# Reviewers Needed



## Reformed Covenanter (Dec 5, 2007)

Before the publication of my next book_ A Conquered Kingdom: Biblical Civil Government_, I need to send copies to magazines for review. Does anyone have any suggestions about suitable magazines/newsletters?


----------



## RamistThomist (Dec 5, 2007)

Joe Morecraft's _Counsel of Chalcedon_
_Faith for all of Life_


----------



## Coram Deo (Dec 5, 2007)

How about to people..... 







Daniel Ritchie said:


> Before the publication of my next book_ A Conquered Kingdom: Biblical Civil Government_, I need to send copies to magazines for review. Does anyone have any suggestions about suitable magazines/newsletters?


----------



## Reformed Covenanter (Dec 5, 2007)

Spear Dane said:


> Joe Morecraft's _Counsel of Chalcedon_
> _Faith for all of Life_



I think these ones will do a review for me, along with Biblical Worldview and RP Witness.


----------



## RamistThomist (Dec 5, 2007)

There is another one that is along theonomic lines, but the name escapes me. Something "Statesman."


----------



## Coram Deo (Dec 5, 2007)

The Christian Statesman by Pastor Einwecter, a Theonomic Reformed Baptist...



Spear Dane said:


> There is another one that is along theonomic lines, but the name escapes me. Something "Statesman."


----------



## Reformed Covenanter (Dec 5, 2007)

thunaer said:


> The Christian Statesman by Pastor Einwecter, a Theonomic Reformed Baptist...
> 
> 
> 
> ...



Does anyone have an e-mail for the Christian Statesman? If so, please PM it to me.


----------



## Richard King (Dec 5, 2007)

byFaith magazine
byFaith Magazine


----------



## Reformed Covenanter (Dec 5, 2007)

Richard King said:


> byFaith magazine
> byFaith Magazine




Good stuff Richard


----------



## RamistThomist (Dec 5, 2007)

I don't think byFaith will review it.


----------



## Reformed Covenanter (Dec 5, 2007)

Spear Dane said:


> I don't think byFaith will review it.



I will e-mail them and find out.


----------



## Coram Deo (Dec 5, 2007)

How about VisionForum... I know Doug Philips is also a Reformed Baptist and has endorsed Pastor Einwechter's Theonomic works wholeheartedly...


----------



## Richard King (Dec 5, 2007)

Would WORLD MAGAZINE be a possibility?
WORLD Magazine | Weekly News, Christian Views


----------



## RamistThomist (Dec 5, 2007)

Richard King said:


> Would WORLD MAGAZINE be a possibility?
> WORLD Magazine | Weekly News, Christian Views



Doubtful. I doubt any major Reform-ish magazine will do it, simply because I don't see anyone giving a theonomic book a favorable review. 
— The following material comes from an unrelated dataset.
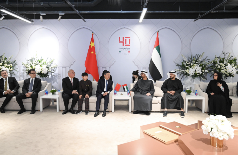 頒授儀式結束后,黃潤秋一行還參觀了阿聯酋駐華使館舉辦的中阿建交40周年展覽。

On the other hand, and good news, the home-schoolish, theonomic fringed people will be much encouraged by it--and in the coming culture wars it will be these people who will be battling most heroically.


----------



## RamistThomist (Dec 5, 2007)

thunaer said:


> How about VisionForum... I know Doug Philips is also a Reformed Baptist and has endorsed Pastor Einwechter's Theonomic works wholeheartedly...



At the very least I can see Phillips doing an online review of it, which would generate a lot of hits from his site. It's worth a shot.


----------



## Reformed Covenanter (Dec 6, 2007)

thunaer said:


> How about VisionForum... I know Doug Philips is also a Reformed Baptist and has endorsed Pastor Einwechter's Theonomic works wholeheartedly...



Do they have a magazine?


----------



## RamistThomist (Dec 6, 2007)

Daniel Ritchie said:


> thunaer said:
> 
> 
> > How about VisionForum... I know Doug Philips is also a Reformed Baptist and has endorsed Pastor Einwechter's Theonomic works wholeheartedly...
> ...



They do, but it only comes out once a year. I talked with Doug Phillips personally on this and he said they are extremely picky and limited on space.


----------



## SouthernHero (Dec 6, 2007)

byFaith? If they review it and like it, I will certainly not be buying your book (which sounds great, btw). That magazine isn't worthy of lining a bird cage. If you don't believe me, then pick up a copy. Ok I'm done.


----------



## Reformed Covenanter (Dec 7, 2007)

SouthernHero said:


> byFaith? If they review it and like it, I will certainly not be buying your book (which sounds great, btw). That magazine isn't worthy of lining a bird cage. If you don't believe me, then pick up a copy. Ok I'm done.



Hmm...better give it a miss then. 

Generally, church magazines are not great. Our own Covenanter Witness annoys me...endless reports about silly things.


----------